### DESCRIPTION OF THE TASK:
The answer should hold only the lines from the one containing "On the sidewalk" through the one containing "Comodo per appendere" in the entries below, copied exactly, without pictures.

### THE DATA:
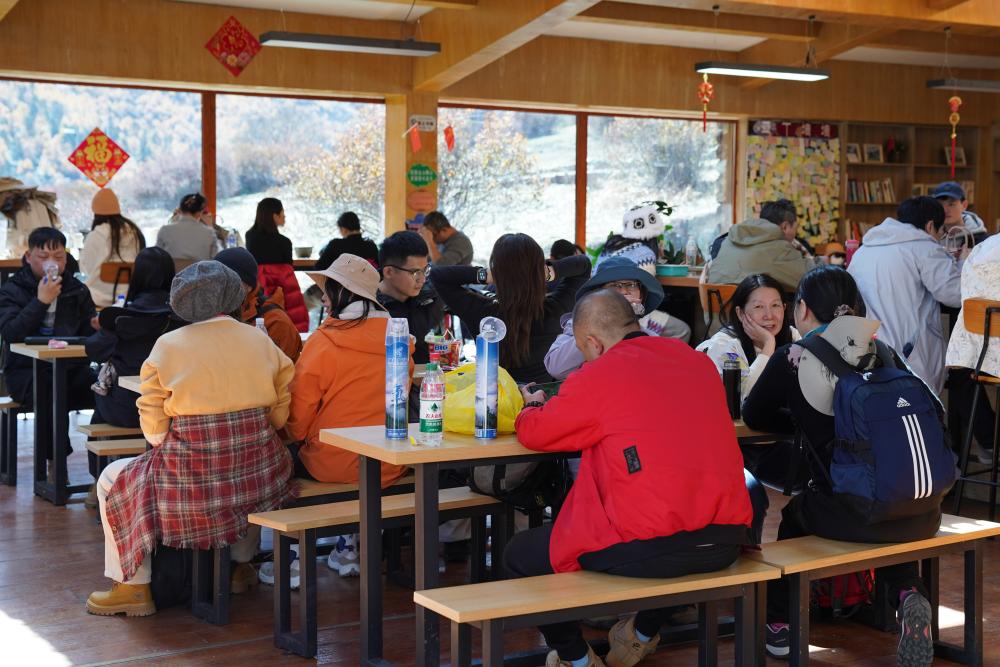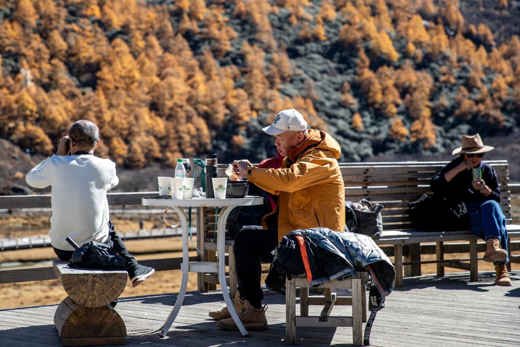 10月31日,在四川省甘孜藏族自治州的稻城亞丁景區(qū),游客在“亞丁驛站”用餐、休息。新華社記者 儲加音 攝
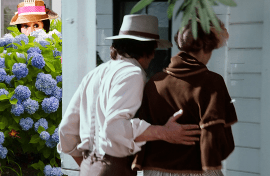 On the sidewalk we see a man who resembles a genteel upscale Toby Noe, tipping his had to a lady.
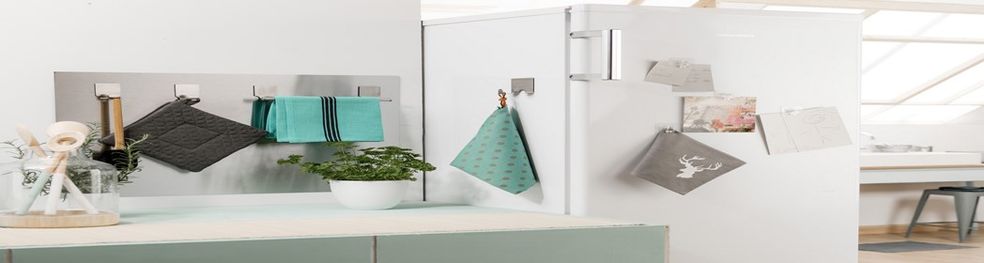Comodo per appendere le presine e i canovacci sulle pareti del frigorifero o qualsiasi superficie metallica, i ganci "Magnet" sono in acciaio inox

==

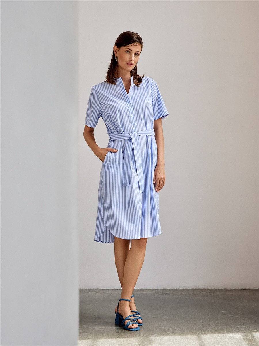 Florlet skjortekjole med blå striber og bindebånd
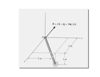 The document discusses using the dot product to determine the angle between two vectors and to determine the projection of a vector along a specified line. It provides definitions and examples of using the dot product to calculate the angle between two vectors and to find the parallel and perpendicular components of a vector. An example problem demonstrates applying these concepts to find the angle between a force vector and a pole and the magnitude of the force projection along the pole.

### RESULT OF THIS EXERCISE:
 On the sidewalk we see a man who resembles a genteel upscale Toby Noe, tipping his had to a lady.
Comodo per appendere le presine e i canovacci sulle pareti del frigorifero o qualsiasi superficie metallica, i ganci "Magnet" sono in acciaio inox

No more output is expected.